(Saved entries)
^^^^^^^^

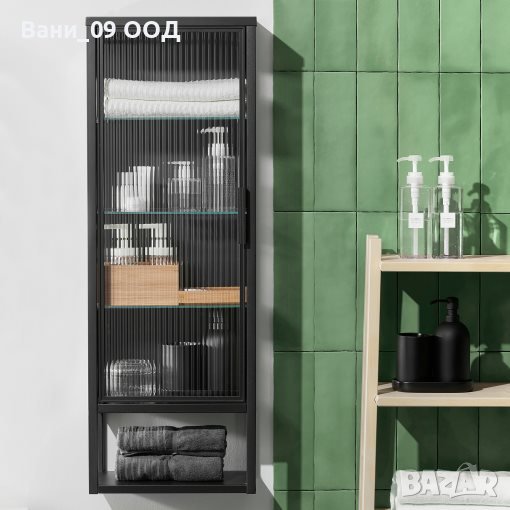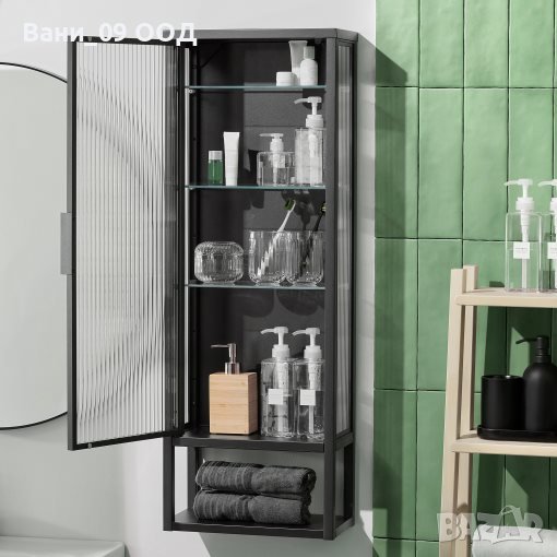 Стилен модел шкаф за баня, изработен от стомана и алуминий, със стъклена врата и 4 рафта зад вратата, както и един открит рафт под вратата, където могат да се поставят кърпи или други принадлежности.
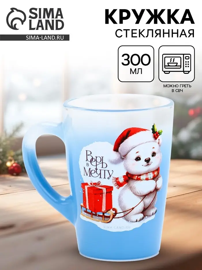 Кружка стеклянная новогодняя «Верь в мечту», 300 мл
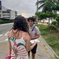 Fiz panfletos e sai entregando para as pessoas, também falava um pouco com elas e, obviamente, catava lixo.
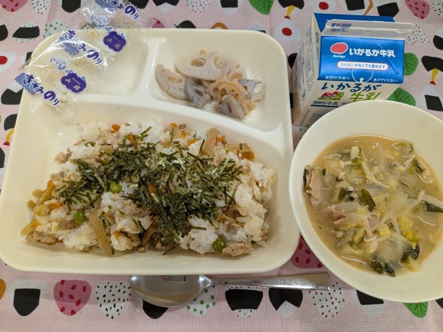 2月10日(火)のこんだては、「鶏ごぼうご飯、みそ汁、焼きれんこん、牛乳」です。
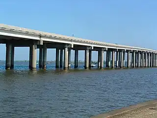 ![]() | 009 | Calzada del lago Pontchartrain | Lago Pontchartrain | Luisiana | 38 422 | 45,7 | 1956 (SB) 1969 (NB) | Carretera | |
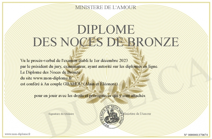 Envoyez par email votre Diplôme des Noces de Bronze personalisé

^^^^^^^^

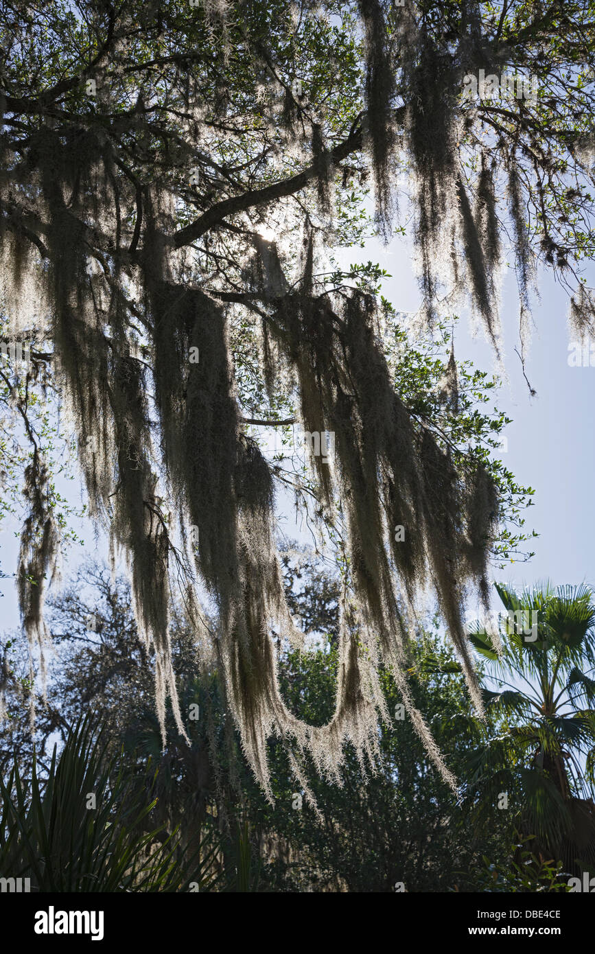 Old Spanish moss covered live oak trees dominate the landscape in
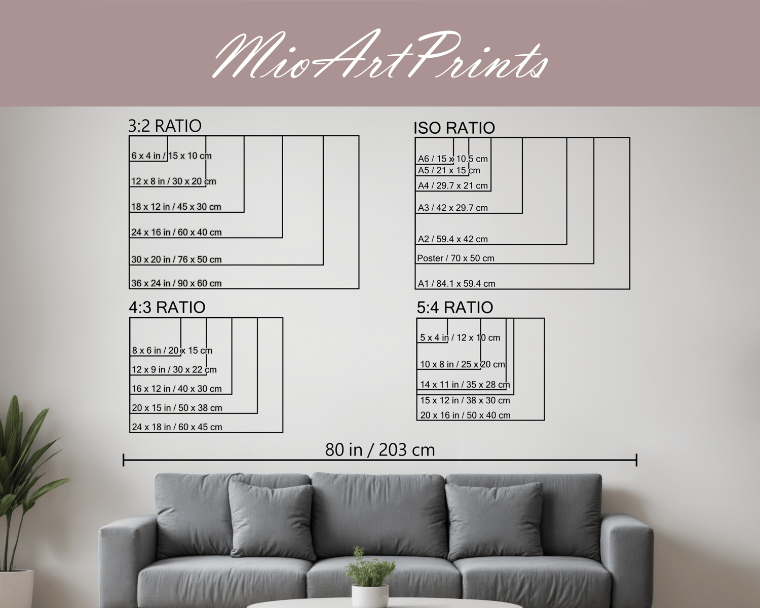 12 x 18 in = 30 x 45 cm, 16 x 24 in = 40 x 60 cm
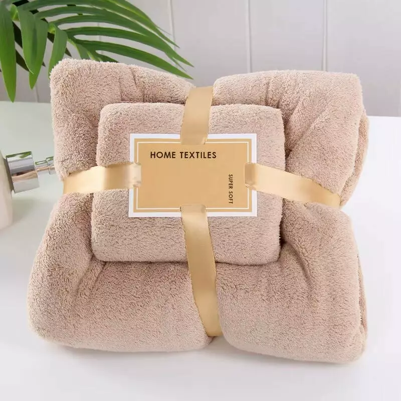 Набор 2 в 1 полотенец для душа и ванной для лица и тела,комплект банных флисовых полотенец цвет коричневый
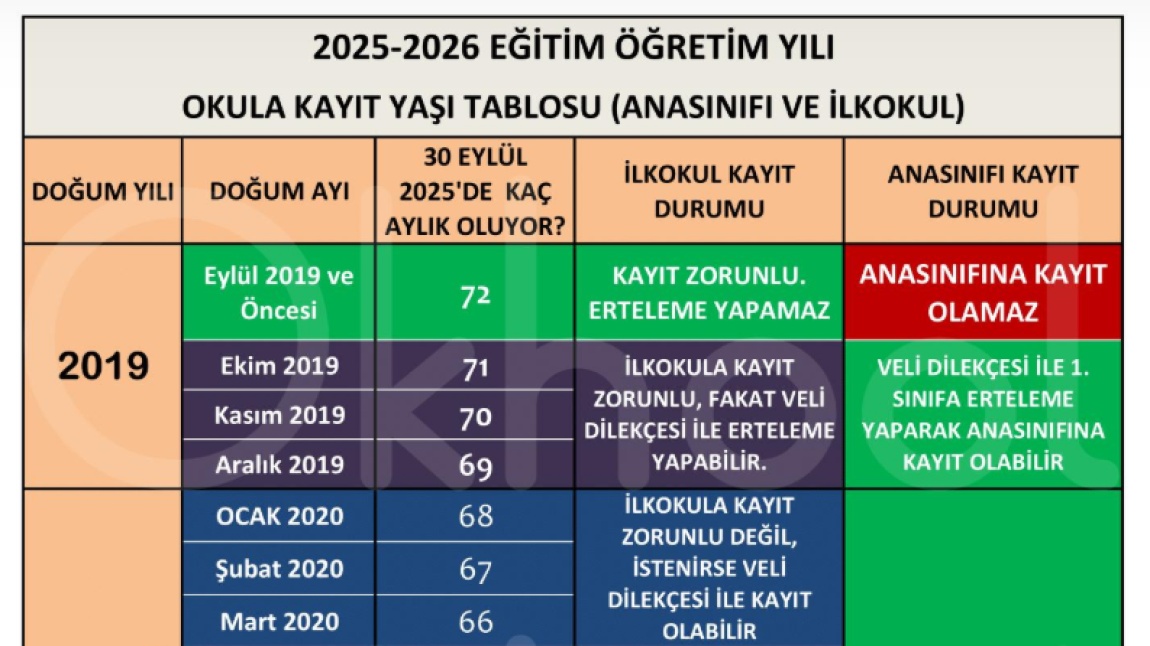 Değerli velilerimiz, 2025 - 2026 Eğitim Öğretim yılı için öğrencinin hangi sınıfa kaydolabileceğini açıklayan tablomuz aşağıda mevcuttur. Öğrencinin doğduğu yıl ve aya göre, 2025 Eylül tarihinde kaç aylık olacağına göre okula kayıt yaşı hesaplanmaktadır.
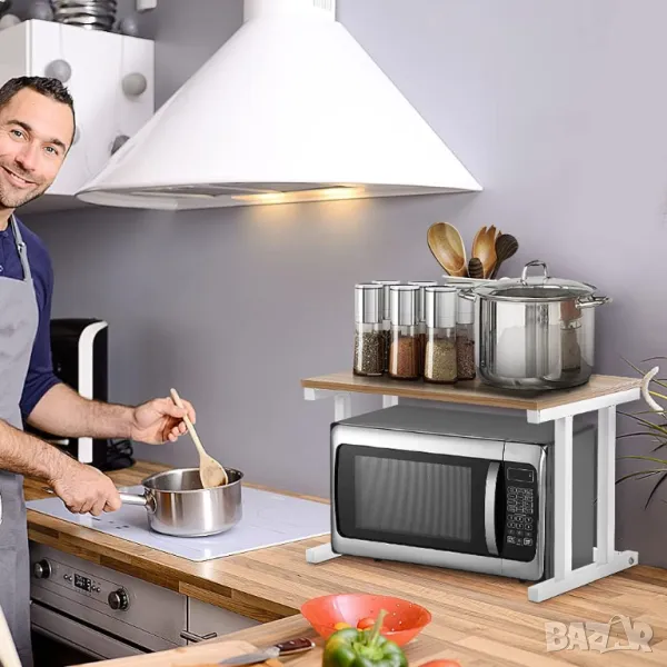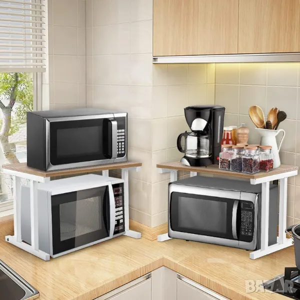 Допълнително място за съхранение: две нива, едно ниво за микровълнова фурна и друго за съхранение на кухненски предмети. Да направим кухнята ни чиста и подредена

^^^^^^^^

> [PROBLEM REQUIREMENTS] Lines wanted from the entries above: the one with "Fiz panfletos e", the one with "Envoyez par email", and all lines between. Please copy them exactly, without the pictures and without anything else.

> [ANSWER FOR THIS EXERCISE]
 Fiz panfletos e sai entregando para as pessoas, também falava um pouco com elas e, obviamente, catava lixo.
 2月10日(火)のこんだては、「鶏ごぼうご飯、みそ汁、焼きれんこん、牛乳」です。
 ![]() | 009 | Calzada del lago Pontchartrain | Lago Pontchartrain | Luisiana | 38 422 | 45,7 | 1956 (SB) 1969 (NB) | Carretera | |
 Envoyez par email votre Diplôme des Noces de Bronze personalisé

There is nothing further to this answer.